What you should do >>
What is wanted is every line below from the one with "10、先不要运行软件,根据系" up to and including the one with "厚手プラスチックキッチン箸笼", retyped exactly, pictures excluded, nothing else.

(Records from a data collection)
——————————

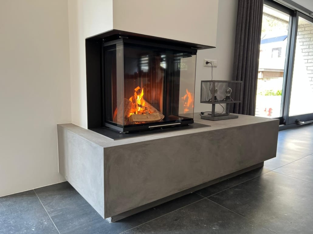 Door ons gerealiseerd deze hout gestookte Brunner haard, plateau afgewerkt met beton ciré.
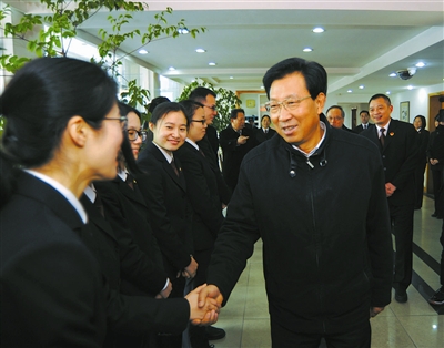 | 王辉忠亲切慰问检察官 本报记者 陈立波 摄 |
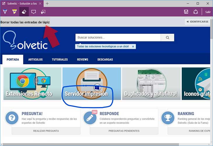 Al momento de seleccionar la opción Borrar todas las entradas de lápiz se borrarán todas las acciones que hayamos procesado con el lápiz.
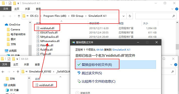 10、先不要运行软件,根据系统位数选择对应的esidistutl.dll补丁及许可证文件pam_lmd_SSQ.dat,复制到软件安装目录下
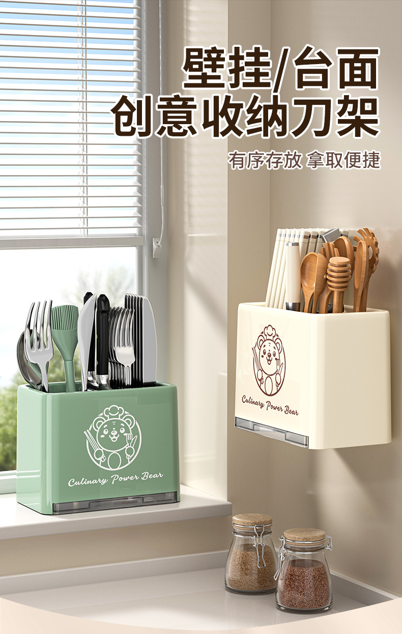 厚手プラスチックキッチン箸笼一体収纳ラック壁挂け式2格子パーテーション収纳食器ナイフホルダー水切りラック
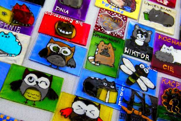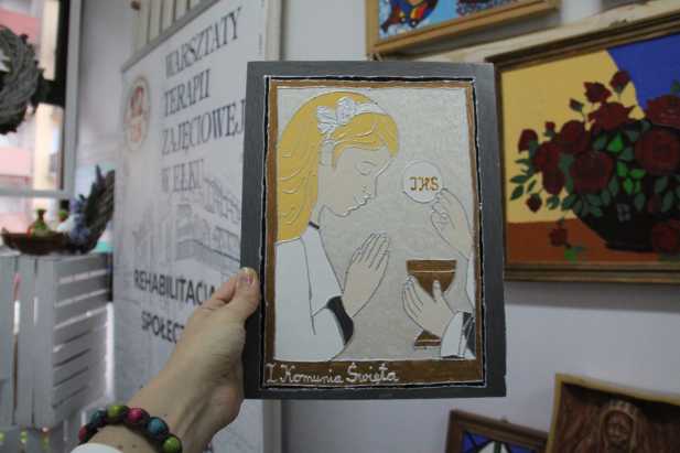 Haftowany Pan Jezus dźwigający ciężki krzyż, jest też Jezus w cierniowej koronie rysowany na szkle, życzenia miłego dnia, wyznania miłości w formie magnesów. Gdzieś w rogu przepiękne kolorowe kwiaty z bibuły zdobią kartę. Radosny anioł gra na trąbie, w wielu pracach widać ogromne przywiązanie i miłość do naszego miasta. Obok stroskana Matka Boża tuli małe Dzieciątko, tuż za nią kobieta z pasją pali papierosa delektując się dymem. Obrazy świętych, kartki świąteczne, bombkami, rzeźby, pełne finezji i kreatywności to tylko nieliczne produkty z pośród propozycji możliwych do nabycia.
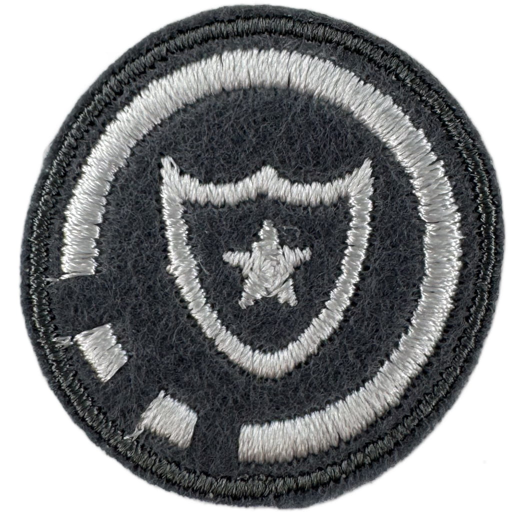 Sprawności harcerskie ZHR żeńskie o średnicy 30mm, haftowana białą nicią na szarym filcu.

——————————

Task result >>
 10、先不要运行软件,根据系统位数选择对应的esidistutl.dll补丁及许可证文件pam_lmd_SSQ.dat,复制到软件安装目录下
 厚手プラスチックキッチン箸笼一体収纳ラック壁挂け式2格子パーテーション収纳食器ナイフホルダー水切りラック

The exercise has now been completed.